In medical testing for angina, ergometrine is administered to force the coronary artery to spasm. The reaction of the coronary artery is used in the diagnostic workup of the patient to determine if angina is present and to learn more about the nature of the angina. The type of angina involved is an important determining factor in how to handle the condition, as some forms are more risky than others.
Some common ergometrine side effects include dizziness, tingling in the extremities, and headache. An overdose of this drug can be dangerous and patients should report any abnormal sensations they experience while on the medication. If an adverse reaction develops, the drug can be stopped and the patient can be provided with supportive care while the body breaks down the medication.
Recreational use of ergometrine has been documented and the drug is usually kept carefully controlled to prevent people from accessing it and using it for recreational purposes. The primary concern with recreational users is the risk of a drug overdose in an uncontrolled environment.
When I was reading this article, I couldn't understand why anyone would use this drug recreationally. It doesn't sound like the effects would be that enjoyable. However, I did a little bit of research and apparently ergometrine is chemically similar to LSD! So that explains it, I think.

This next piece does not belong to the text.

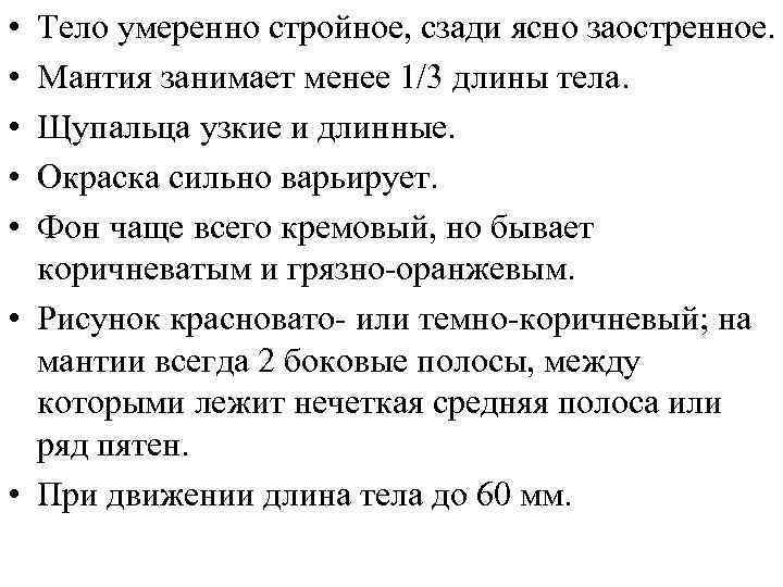 • • • Тело умеренно стройное, сзади ясно заостренное. Мантия занимает менее 1/3 длины тела. Щупальца узкие и длинные. Окраска сильно варьирует. Фон чаще всего кремовый, но бывает коричневатым и грязно-оранжевым. • Рисунок красновато- или темно-коричневый; на мантии всегда 2 боковые полосы, между которыми лежит нечеткая средняя полоса или ряд пятен. • При движении длина тела до 60 мм.

However, the side effects of an overdose sound awful. Apparently it can cause gangrene, which necessitates amputation. It can also cause abortion in pregnant women as well as severe intestinal issues. I don't think I would take the chance and use this drug for recreation!
When I was born my mother almost bled to death. She hemorrhaged pretty badly after giving birth to me. She told me that if she wasn't in a hospital she would have definitely died!
I remember her mentioning that when my little sister was born they gave her some type of medication to prevent uterine bleeding. I think it might have been ergometrine. In my moms case, she didn't experience and adverse effects, and she didn't almost bleed to death after giving birth to my sister. So I would say in her case, ergometrine was a success.